----- PROVIDED RECORDS -----

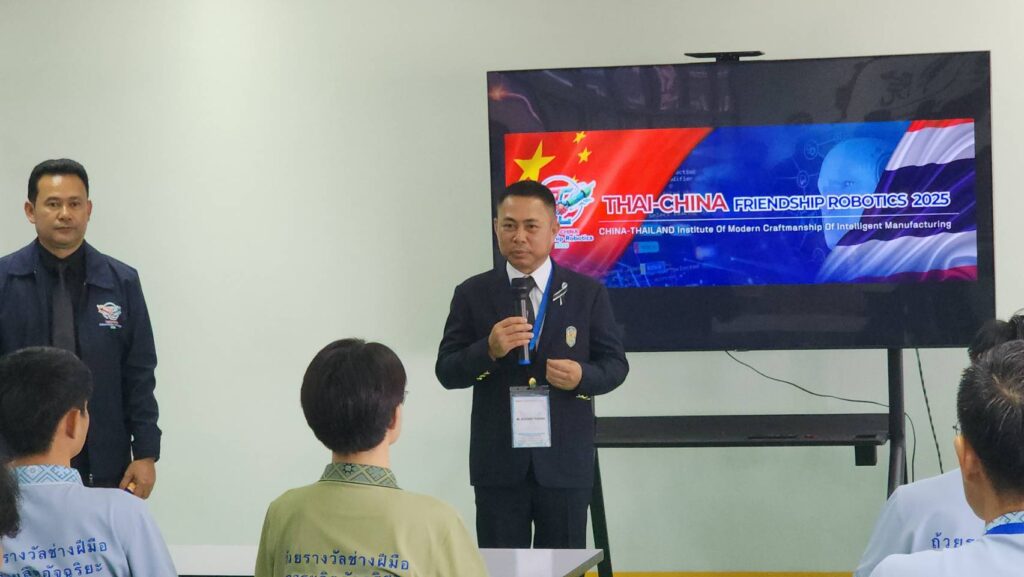 เมื่อเวลา 08.30 น. วันที่ 6 พ.ย.68 ที่สถาบันช่างฝีมือสมัยใหม่อัจฉริยะไทย–จีน วิทยาลัยเทคนิคบ้านค่าย ต.หนองละลอก อ.บ้านค่าย จ.ระยอง ผู้สื่อข่าวรายงานว่า นายราตรีสวัสดิ์ ธนานันต์ ที่ปรึกษาด้านมาตรฐานอาชีวศึกษาช่างอุตสาหกรรม เป็นประธานเปิดการอบรมเชิงปฏิบัติการและแข่งขันหุ่นยนต์กระชับมิตรไทย-จีน (Thai-Chaina Friendly Robotics Competition 2025) ซึ่งจัดขึ้นโดยสำนักงานคณะกรรมการการอาชีวศึกษา (สอศ.) โดยสถาบันการอาชีวศึกษาภาคตะวันออก วิทยาลัยเทคนิคบ้านค่าย วิทยาลัยเทคนิคและอาชีวศึกษากว่างซี ประเทศจีน และ บ.เจียงซู ฮุ๋ยป๋อ โรโบติกส์ เทคโนโลยี จำกัด มีนายเอกชัย แสงศรี ปลัดอาวุโสอำเภอบ้านค่าย ดร.วีรพงษ์ พันธ์โสดา ผู้ประสานงานภาคตะวันออกและกรุงเทพมหานคร ว่าที่ ร.ต.ณรงค์ เกษตรภิบาล ผอ.สถาบันอาชีวศึกษาภาคตะวันออก นายยุทธพันธ์ โคตรพันธ์ ผอ.วิทยาลัยเทคนิคบ้านค่าย นายกิตติพงค์ อุตตมะเวทิน ผอ.วิทยาลัยเทคนิคระยอง ผู้บริหารวิทยาลัยเทคนิคและอาชีวศึกษากว่างซี และบ.เจียงซู ฮุ๋ยป๋อ โรโบติกส์ จำกัด ผู้แทนจากนิคมอุตสาหกรรมระยอง ไทย-จีน นิคมอุตสาหกรรม WHA นิคมอุตสาหกรรม GPGC ผู้แทน อปท. และภาคเอกชน ร่วมพิธีเปิดอย่างเป็นทางการ ภายในยังได้มีการมอบโล่สถานศึกษา และผู้สนับสนุนการจัดการแข่งขันดังกล่าวด้วย โดยมีวัตถุประสงค์ เพื่อเสริมสร้างองค์ความรู้และทักษะด้านหุ่นยนต์อัตโนมัติให้กับ นศ. และบุคลากรอาชีวศึกษาของไทย และส่งเสริมความสัมพันธ์อันดีระหว่าง 2 ประเทศ
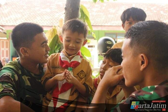 Di balik seragam loreng yang dikenakan, para prajurit tampak membaur tanpa sekat bersama siswa Madrasah Ibtidaiyah (MI) setempat.
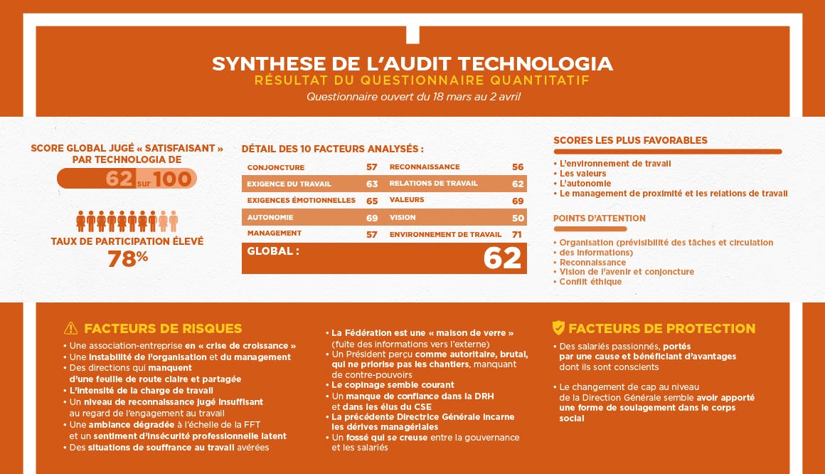 Sur demande du CSE de la Fédération, la gouvernance et la direction de la FFT ont mandaté conjointement avec le CSE, en avril 2024, le cabinet indépendant Technologia pour mener une enquête approfondie sur la situation sociale au sein de la Fédération. La première phase - quantitative - a constitué en l’envoi de 100 questions à l’ensemble des collaborateurs FFT. La seconde - qualitative - à la réalisation de 144 entretiens individuels avec des salariés tirés au sort, personnes volontaires, élus du CSE, la direction et le Président. Voici les principales conclusions de cet audit :
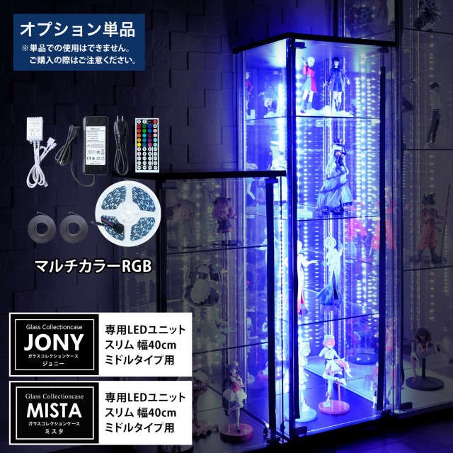 ガラスコレクションケースJONY/MISTA スリムミドルタイプ(幅40cm)専用オプション マルチカラーRGB LEDユニット
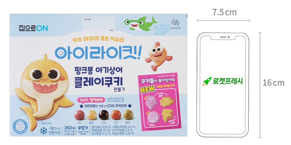 아기상어 쿠키틀이 동봉된 키트예요. 재료를 계량하고, 반죽에 색을 넣지 않아도 괜찮아요. 알록달록한 쿠키 반죽으로 손쉽게 완성할 수 있답니다. 주말 오후, 아이와 함께 추억을 쌓아보세요. 직접 만든 쿠키를 먹으면서 즐거운 간식시간을 보낼 수 있을 거예요.
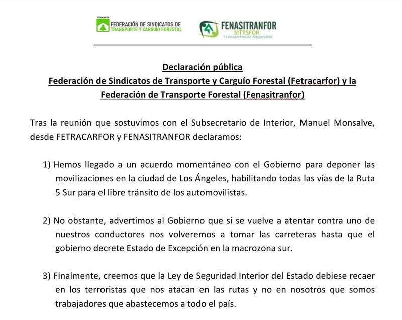 En tanto, desde la Federación de Sindicatos de Transporte y Carguío Forestal (Fetracarfor) y la Federación de Transporte Forestal (Fenasitranfor) presentaron una declaración pública, donde especifican que el acuerdo alcanzado con el gobierno es “momentáneo” y que consiste en habilitar las vías de la Ruta 5 sur para el libre tránsito de automóviles.
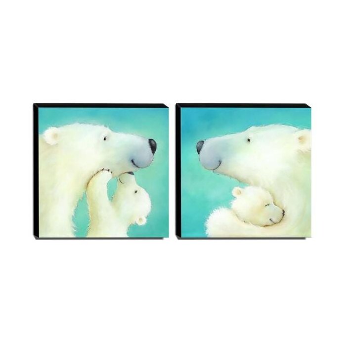 kit 2 Quadros Infantis Ursos Branco Canvas 30x30cm-INF419 Multicolorido
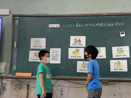 自分の好きな時間や日課を工夫して、友達に伝えました!友達と話し合う中で、質問し合ったり、教え合う姿がたくさん見られました!
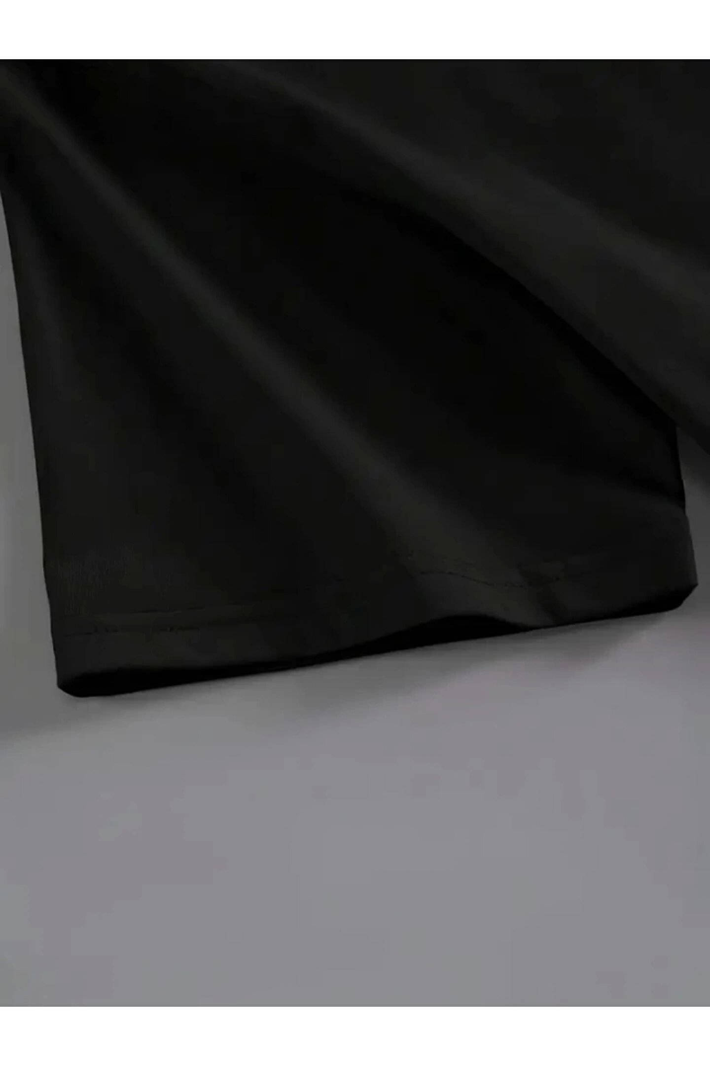 Baskılı Oversize Bisiklet Yaka T-shirt - Siyah
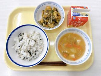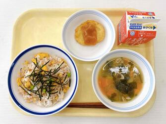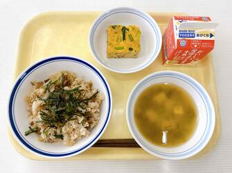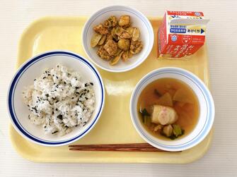 1年生は、ごまわかめごはんが特に人気で、ちくわも「食べたことあるー!」と抵抗なく食べている子が多かったです。和食の中でも食べやすいメニューだったので、よく食べていました。
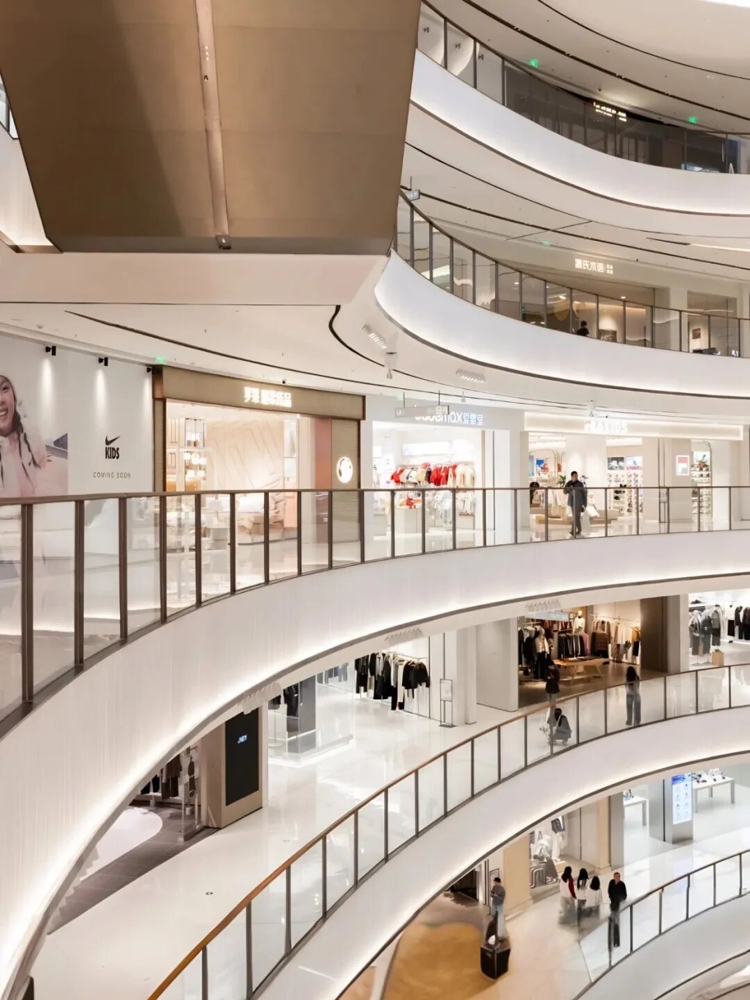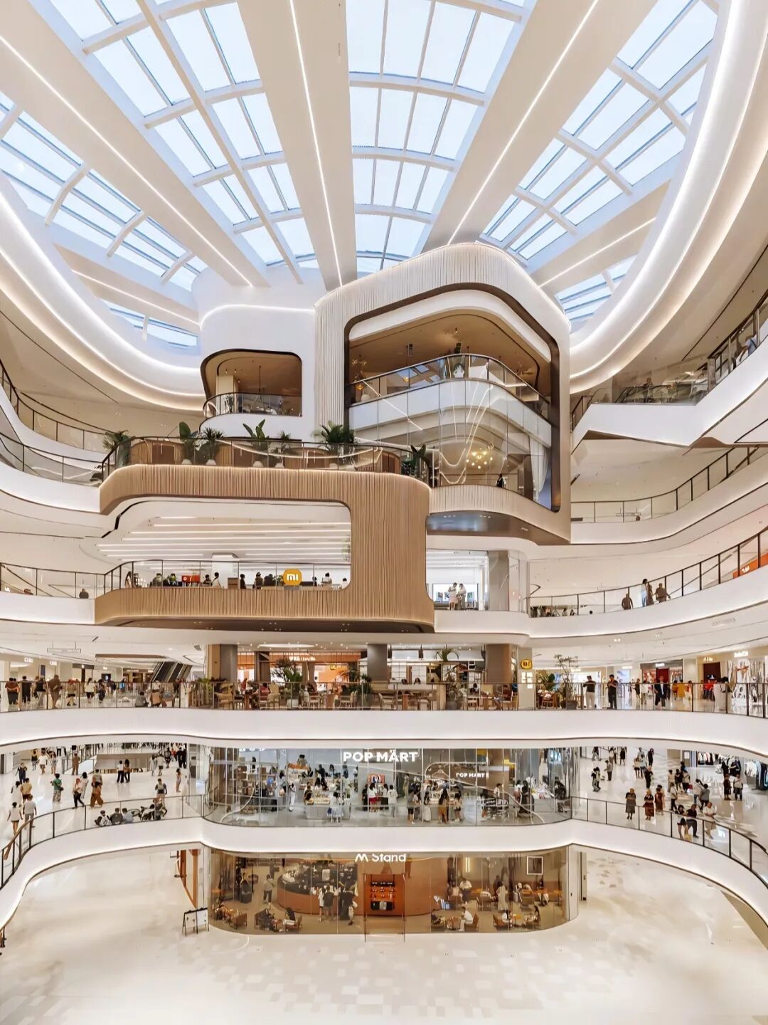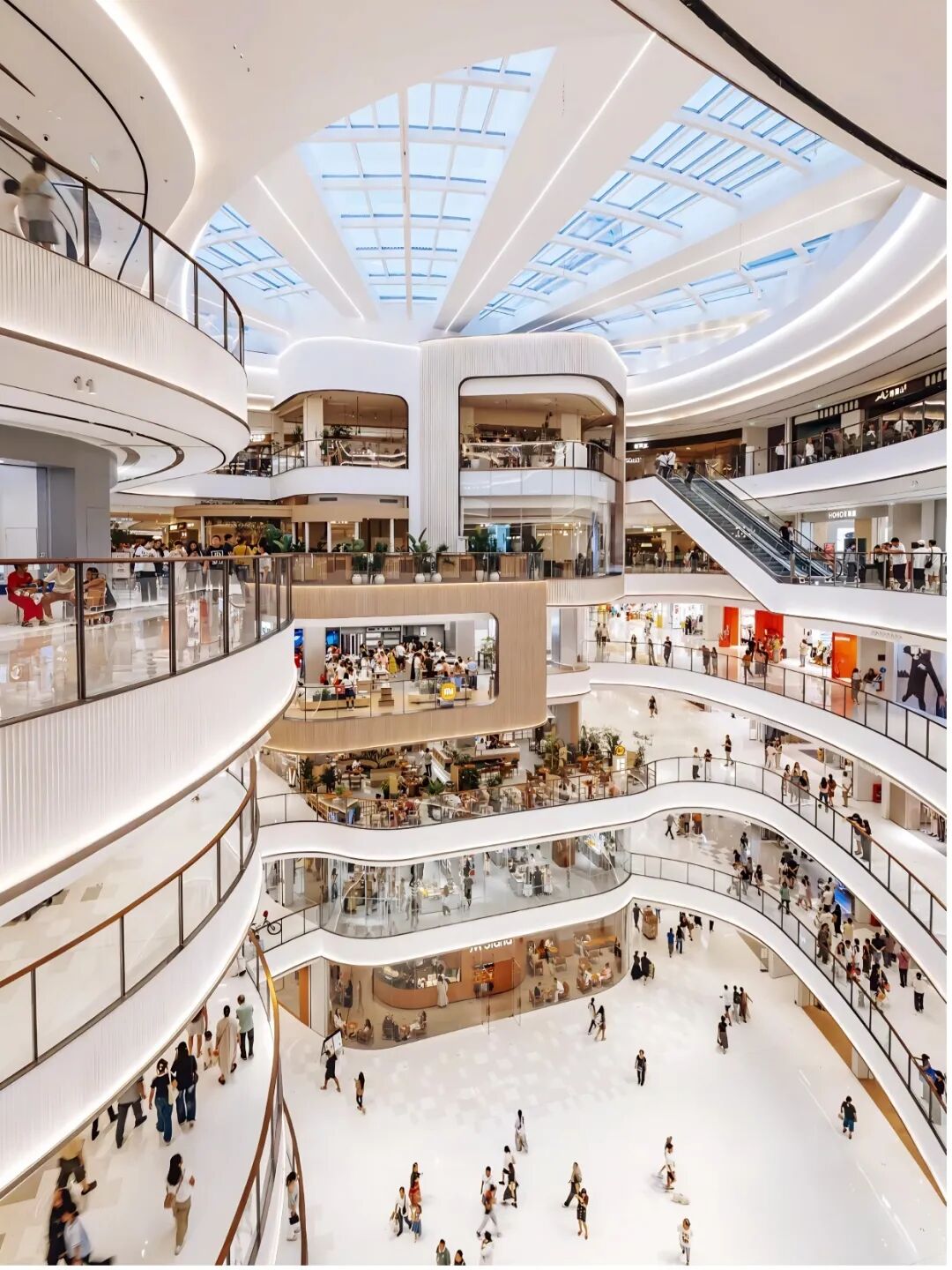 在六层打造环形连廊,嵌入悬浮绿植与休息座椅,模拟山谷层次感,让逛购过程变成“漫步山谷”的沉浸式体验,完美践行“让空间适配人,而非人迁就空间”的设计初心。
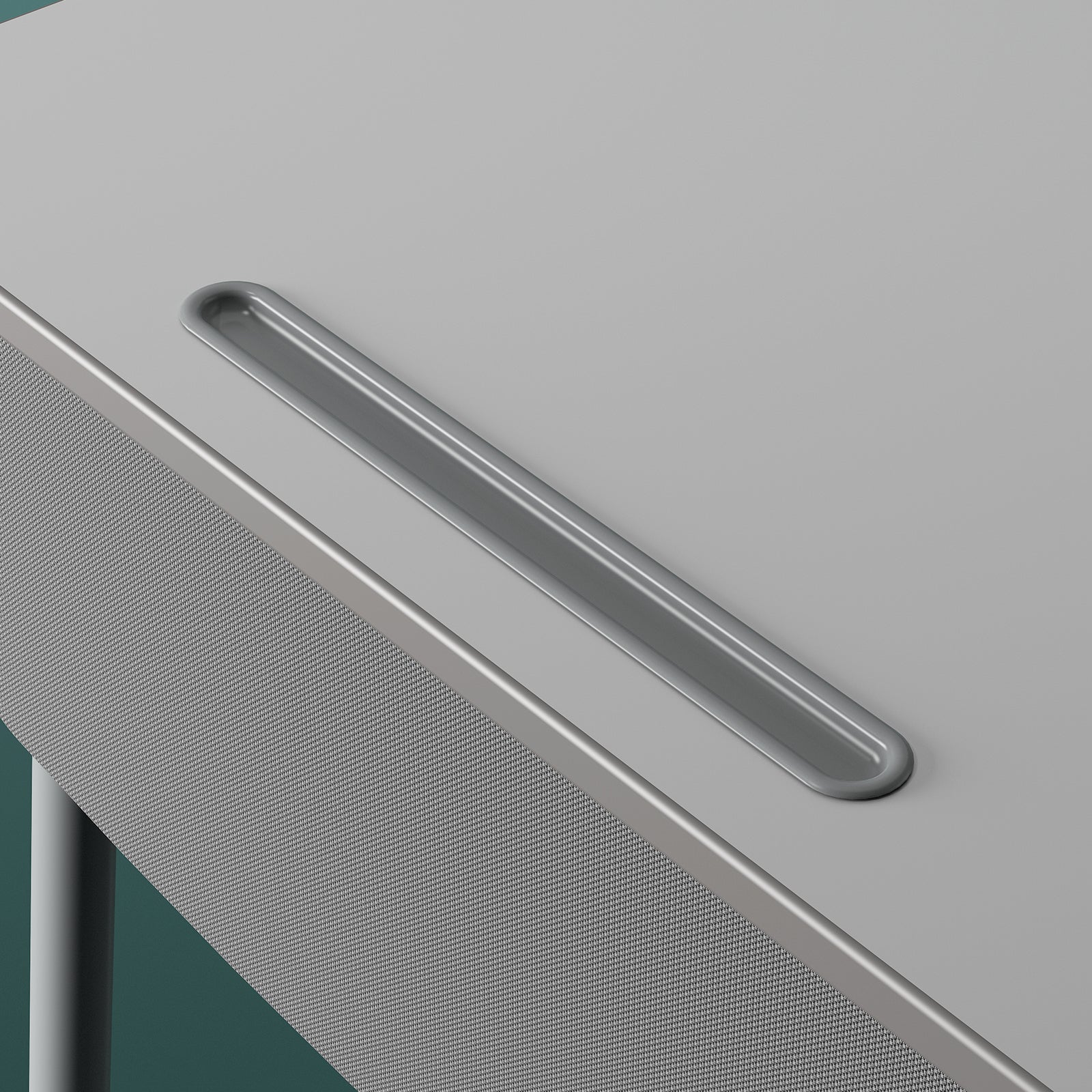 Inside the desk drawer, there are grooves and holes to help water drain out easily. If a water bottle spills, the water can quickly drain away, keeping the drawer dry and the desk clean. - Leg Frame: Curved and strong design for stable support.
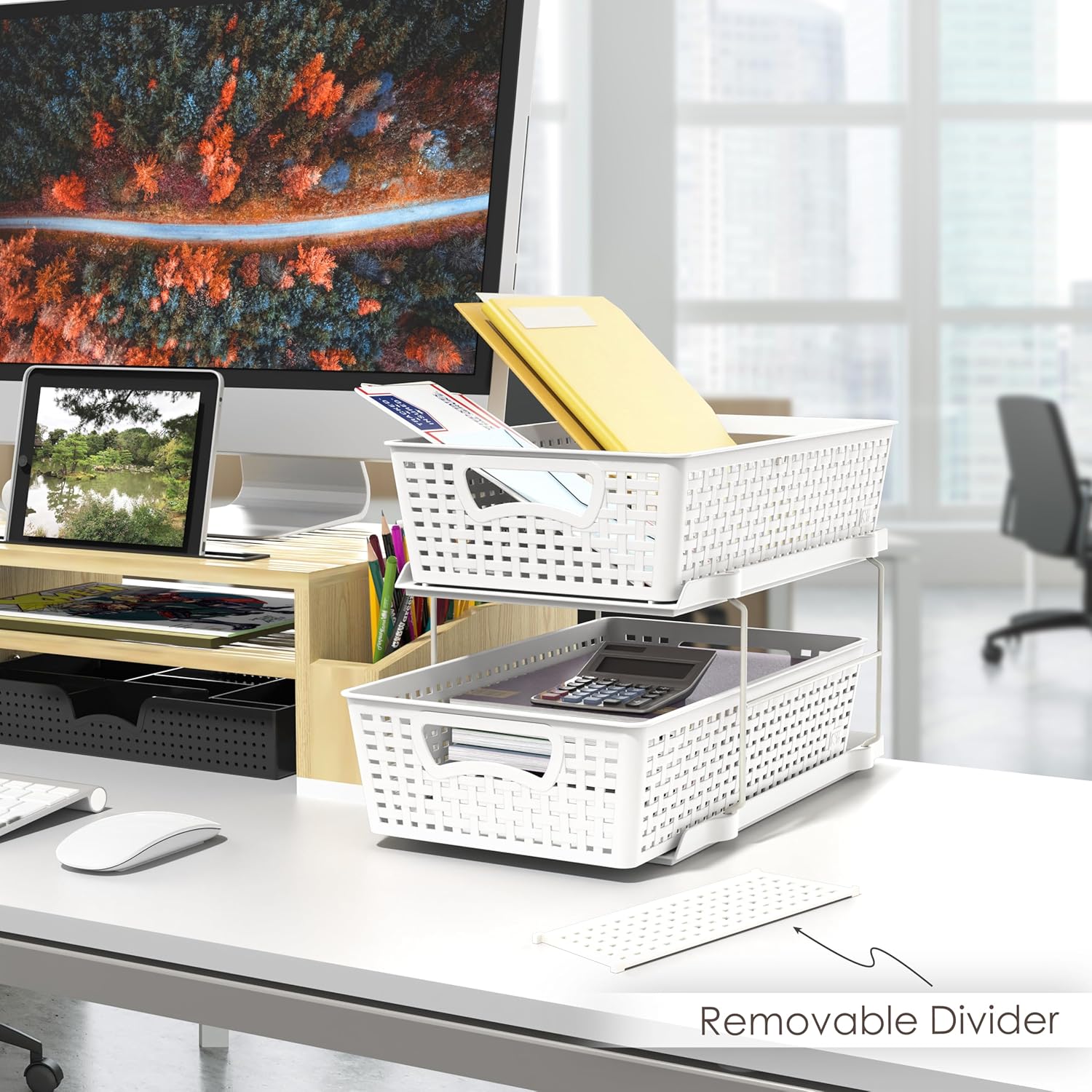 - Two drawers with dividers. Great for kitchen, bathroom and storage room organization. Gain more space in the cabinet, pantry room or even open space

-----

In the records above, find the line with "自分の好きな時間や日課を工夫". Print exactly from there through the line with "在六层打造环形连廊,嵌入悬浮", minus the pictures.

» **RESPONSE FOR THIS EXERCISE**:
 自分の好きな時間や日課を工夫して、友達に伝えました!友達と話し合う中で、質問し合ったり、教え合う姿がたくさん見られました!
 Baskılı Oversize Bisiklet Yaka T-shirt - Siyah
 1年生は、ごまわかめごはんが特に人気で、ちくわも「食べたことあるー!」と抵抗なく食べている子が多かったです。和食の中でも食べやすいメニューだったので、よく食べていました。
 在六层打造环形连廊,嵌入悬浮绿植与休息座椅,模拟山谷层次感,让逛购过程变成“漫步山谷”的沉浸式体验,完美践行“让空间适配人,而非人迁就空间”的设计初心。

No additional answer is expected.